Петро Панч - Клокотала Украина (с иллюстрациями) стр 25.

Шрифт
Фон

Седоусый Покута прошел с музыкантами почти всю площадь. Люди расступались перед прощальником - кто с уважением, кто с улыбкой. Не уступил дороги только один казак. Он стоял, широко расставив ноги, и из-под густых бровей насмешливо поглядывал на пьяный поезд.

Выцветшие глаза прощальника вдруг сверкнули, лицо сердито вспыхнуло.

- Не видишь, чертов сын, казак с миром прощается! - закричал он, наступая конем на казака. - Геть с дороги!

- Эва!

- Ишь окаянный! Уж не захотел ли ты кулаков моих отведать? Геть, а то бить буду!

Казак взял коня за повод и потянул его к земле. Степной копь норовисто дернул головой, забил передними ногами, потом застонал и упал на колени.

- Ну, пусть меня матерь божья покарает, коли я не переломаю кости этому черту! - Покута спрыгнул на землю и ударил казака под ребра хоть и сухой, но еще тяжелой рукой.

Казак только улыбнулся и стукнул прощальника по жилистой шее.

Прощальник завертел головой и угостил казака ударом в грудь.

- И теперь устоял, проклятый?

- Устоял, хоть и бьешь ты, братику, как дубинкой.

- Так кого же это я потчую? - замигал седыми ресницами прощальник. - Тю-тю, Максиме, братику?

Они обнялись и трижды поцеловались.

- Ну, тут надо выпить, - сказал прощальник, - а то от твоих кулаков в голове, будто шмели загудели.

Пивень уже храпел возле бочки, и они сами нацедили себе по кружечке горилки.

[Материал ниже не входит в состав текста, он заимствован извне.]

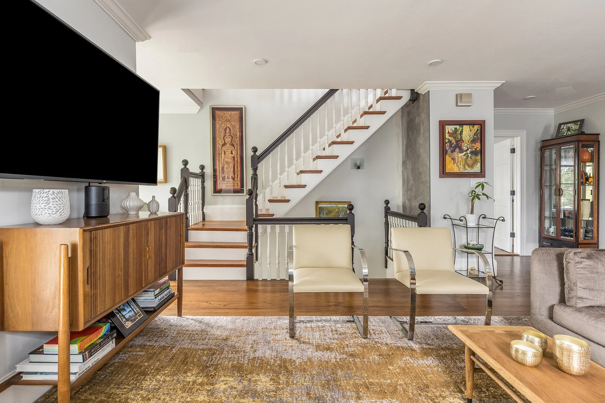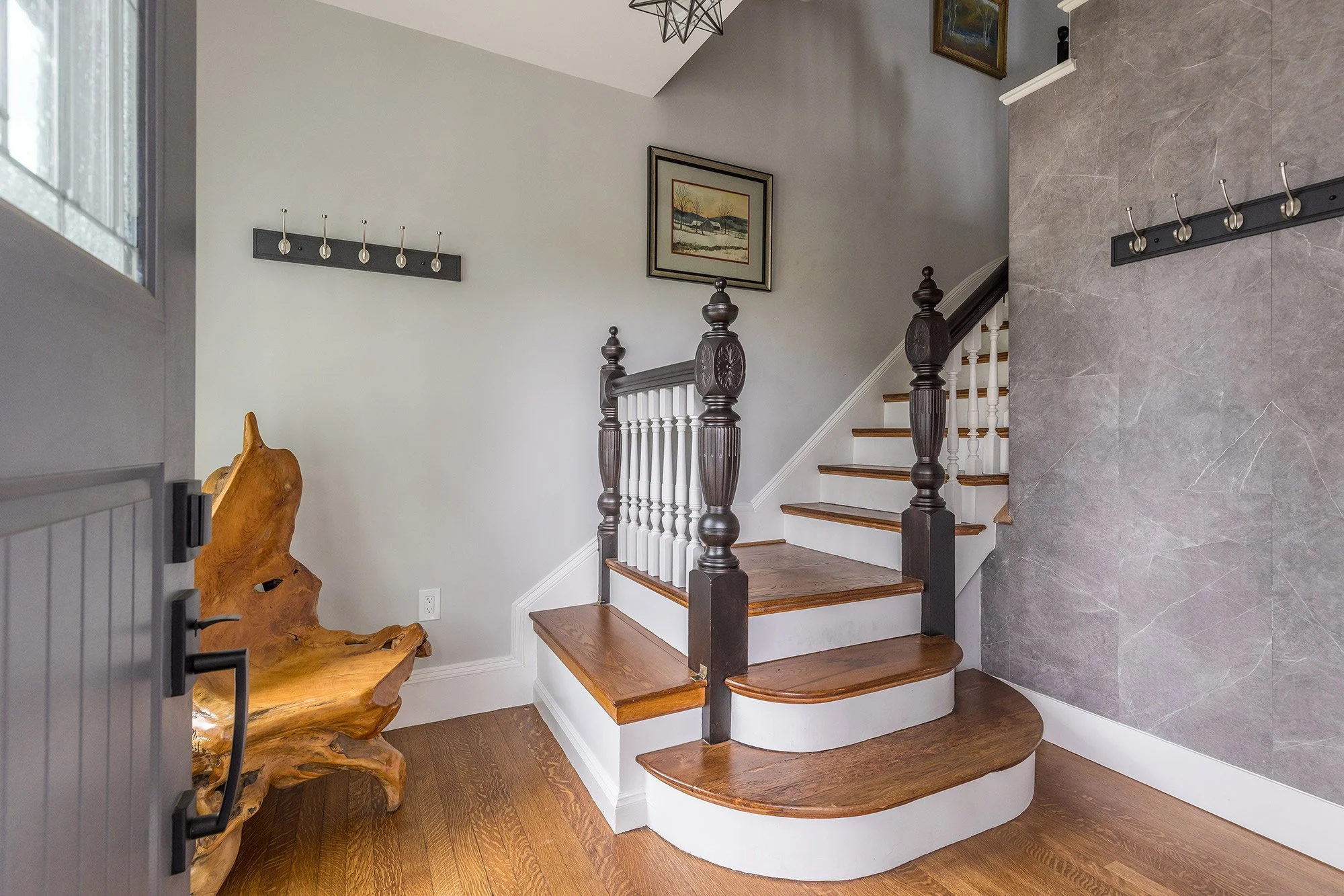 The private front entrance opens into a spacious mudroom style foyer with dramatic ceiling height, two walls clad in handsome gray tilework, and a sparkling moravian star pendant overhead. Select original details have been carefully preserved including a built-in storage bench and ornate staircase.

- Прощаешься с миром, Прокоп?

- Навеки, Максим!

- Не рано ли?

- Пока дойду до Межигорья - будет в самый раз. Ох, братику, большой грех гнетет мою душу. Лежит он камнем на сердце, и ни кровью, ни водкой никак не могу смыть его. Может, в обители святой успокоится моя совесть.

Максим в тон ему ответил:

- И кто от меча смерть примет за веру праведную, за народ наш замученный - тоже славен будет вовеки!

Покута склонил голову, и его оселедец рассыпался серебристым сиянием.

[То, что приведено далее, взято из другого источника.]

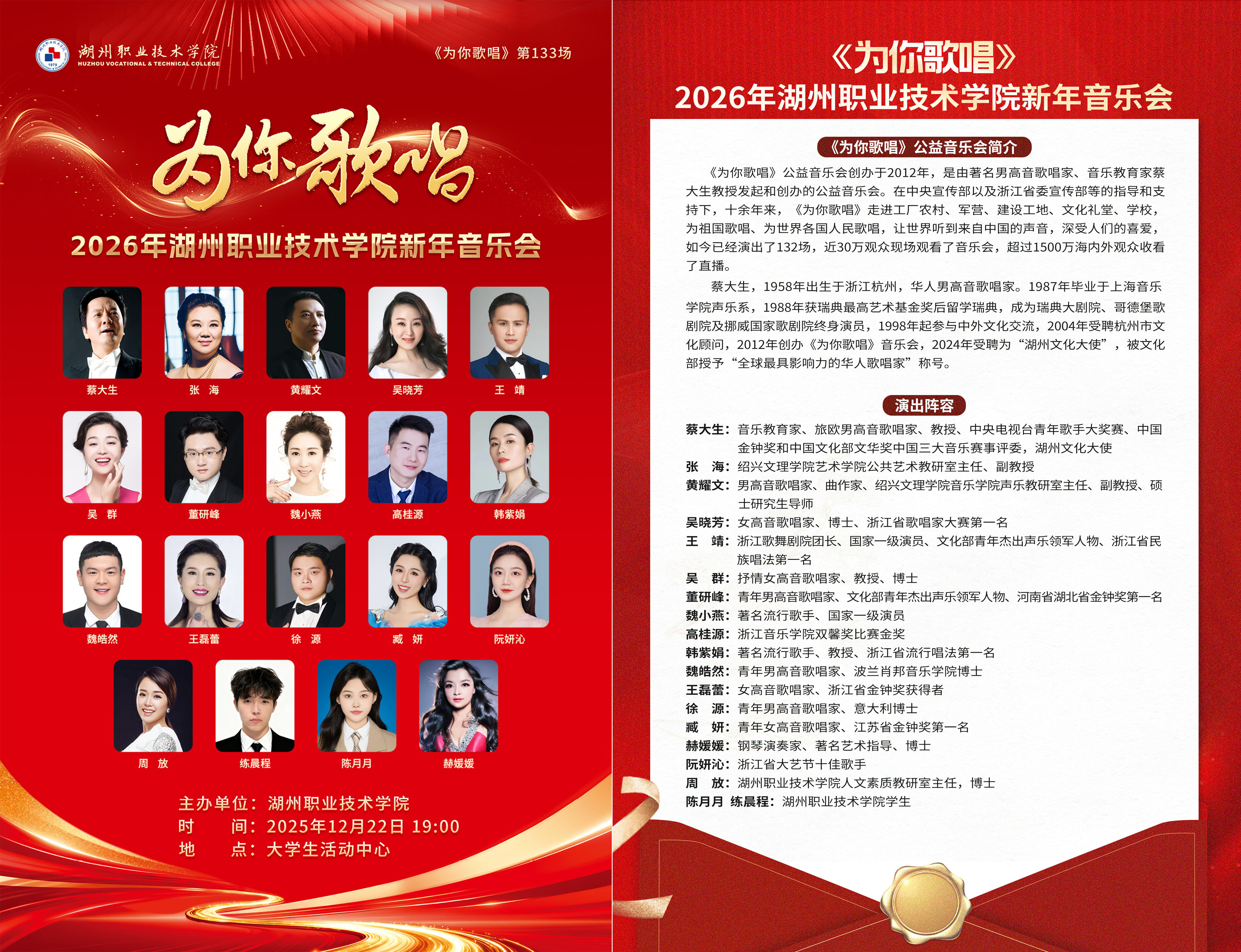 为打造公益性质的校社联动美育品牌,丰富校园文化生活,营造辞旧迎新的喜庆氛围,2025年年末,我校举办《为你歌唱》新年音乐会,邀请蔡大生、吴晓芳、吴群、王靖等优秀音乐家、歌唱家一同走进校园,联手学校师生,带来最美的艺术作品和新年祝福。现将相关事宜通知如下:

- Кто б не пожелал такой смерти?! Всю жизнь надеялся на поле боя голову сложить, чтоб похоронили меня в степи широкой, на кургане. Утром солнце взойдет и, как мать, приласкает; ветер прилетит, расскажет, где казаки гуляют; кобзарь завернет, веселую песню грянет; чабан о Байде, о море споет... Только, должно, не суждено это нам, Максим, перевелись настоящие рыцари, и померяться не с кем Покуте. Так лучше уж в келье с молитвой умереть, чем за печкой.

- А если бы панам снова кровь пустить? - спросил Максим, хитро прищурившись.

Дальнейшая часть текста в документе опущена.